I have been facing an issue while compiling with -cp or the -classpath flag in Java. I will try to explain the problem below:
Let's say; I have two files - A.java and B.java. A.java has a simple public class with a private instance variable, one get and one set method. B.java is the driver method for A. It instantiates A; sets some value for A's instance variable and finally prints out the value using the get method in A.

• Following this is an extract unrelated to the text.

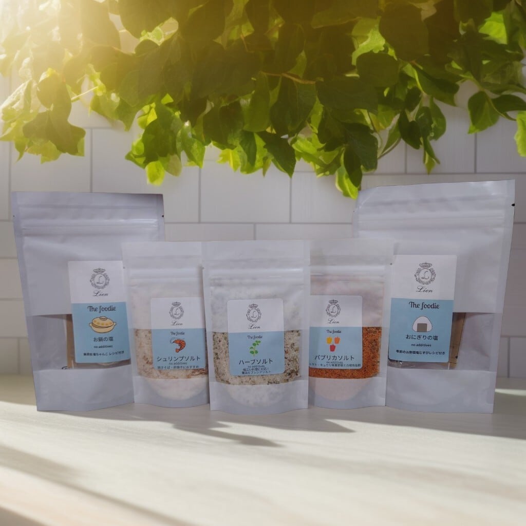 おにぎり塩、お鍋の塩、ハーブソルト、パプリカソルト、シュリンプソルトの5種類がセットになったブレンドソルト。様々な料理に使える。
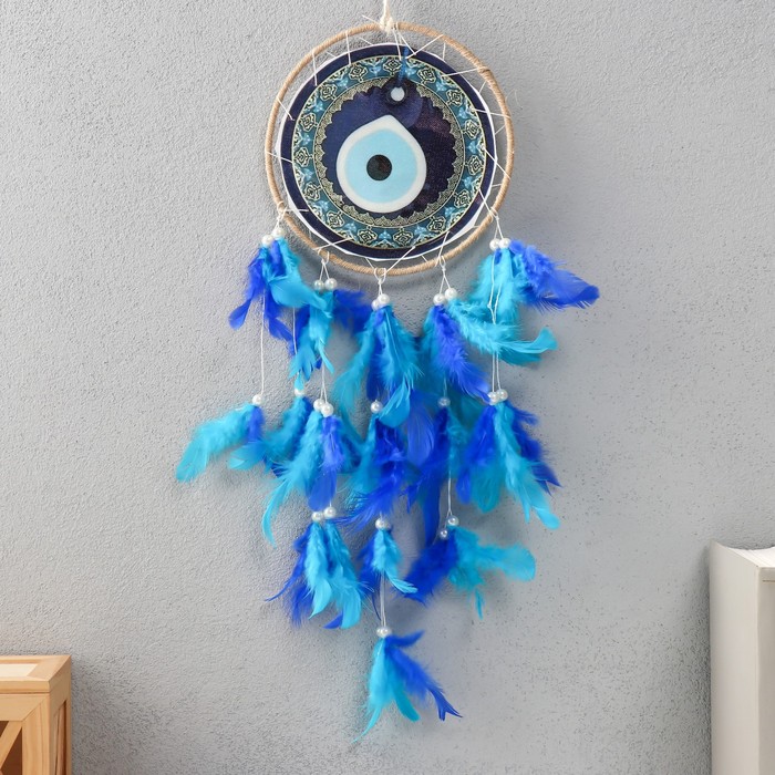 Ловец снов от сглаза "Сине-голубые перья" 60х15х0,7 см

I can compile both A.java and B.java from command line. If both compiled class files are in same folder; the following runs fine:
java B
However; say I keep A.class in a separate folder. Or even better; I make a JAR file of the class file A.class. Now; I should be able to compile B.java with the classpath properly stated.
The compilation works.
javac -cp ..\Lib\A.jar -d ..\Bin B.java
It puts the B.class file in Bin folder as expected. Now; if I go to Bin folder and try to execute the following;
java -cp ..\Lib\A.jar B
I get the error:
Error: Could not find or load main class B
Now; I have been trying in vain to solve this problem for past few days. This is a simple use case to demonstrate the problem; but in reality - I am not being able to link to an existing JAR library using -classpath or -cp flag. The only way I can run my Java programs from command line is if I extract the class files from JAR archive in the same directory as the output class. So, then I would not need to include the classpath flag in the execution command.

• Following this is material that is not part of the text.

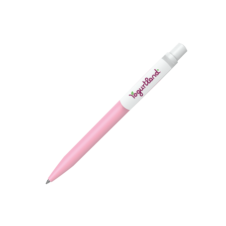 Maxema DOT D1 MATT CB Kugelschreiber mit mattem Gehäuse, mattweißem Clip und einem glänzenden Farbelement im mattweißen Druckknopf. Ausgestattet mit einer Jumbo-Mine mit blauer Dokumental-Tinte für bis zu 2.500 Meter Schreibvergnügen. Die Gehäuse und das Element im Druckknopf sind in nicht weniger als 20 Farben erhältlich, die ab einer Mindestbestellmenge von 2.000 Stück pro Komponente miteinander kombiniert werden können.
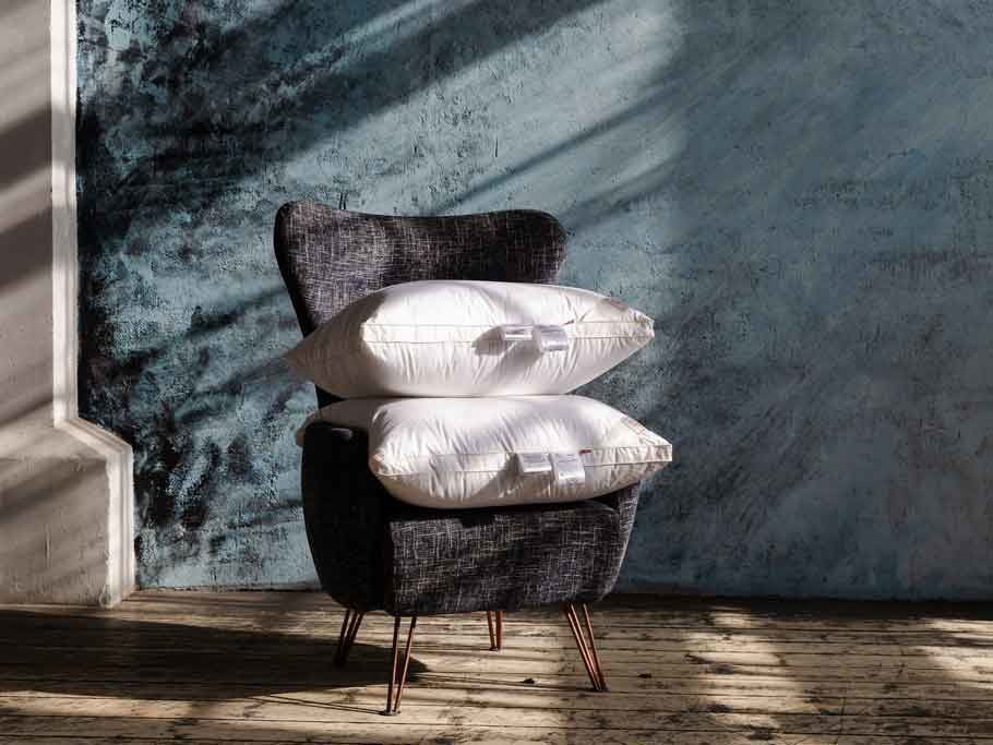 Объемная и высокая подушка Queen Down Grass с бортиком сочетает в себе великолепные немецкие ткани большой плотности и натуральный гусиный пух высшей категории качества.

But this is something I don't want. I want to keep my JAR archive separate from the output class files of my source code. I know that using an IDE; this is something I won't need to worry about. But I am more interested in the command line solution; to understand what goes behind the hood.
I have gone through all other suggestions on StackOverflow regarding this - but none seems to work. FYI, I am using default package in all cases. No packaging is explicitly specified.

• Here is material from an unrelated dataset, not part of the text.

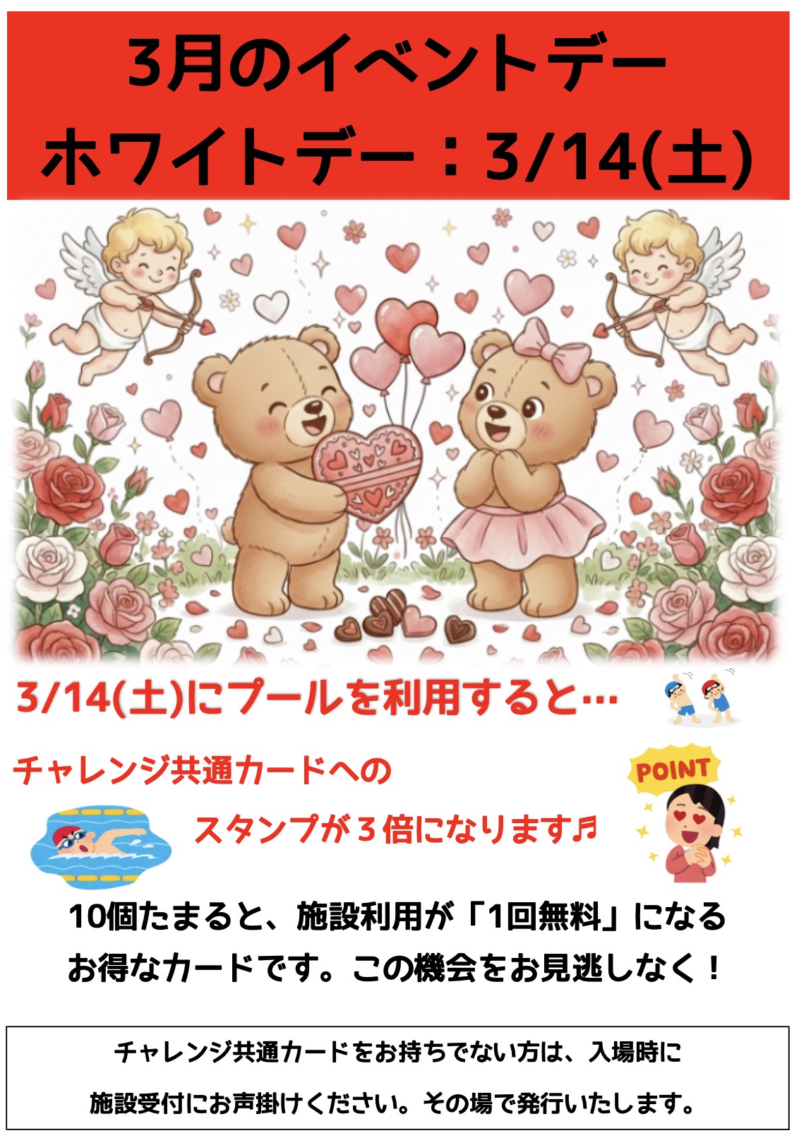 「ホワイトデー」ポイント3倍デー(3/14) | 小美玉市 小川海洋センター

Please help. Thanks in advance!
Update: I have been asked to provide my directory structure in a readable format, so here goes:
$pwd
C:\My\Path\To\Java\Programs\Top
$ls
Source
Bin
Lib
$cd Bin
$ls
B.class
$ls ..\Source\
A.java
B.java
$ls ..\Lib
A.jar
$jar tf ..\Lib\A.jar
META-INF
META-INF/MANIFEST.MF
A.java
A.class
I hope that clears it. I am using Windows Powershell, so sub-directories are marked with "\". If I were typing in Unix terminal, it would have been "/" instead. By the way, I tried this on Ubuntu 14.04, with no avail. I have also tested this with jdk 1.6 to jdk 1.8 - again, same error.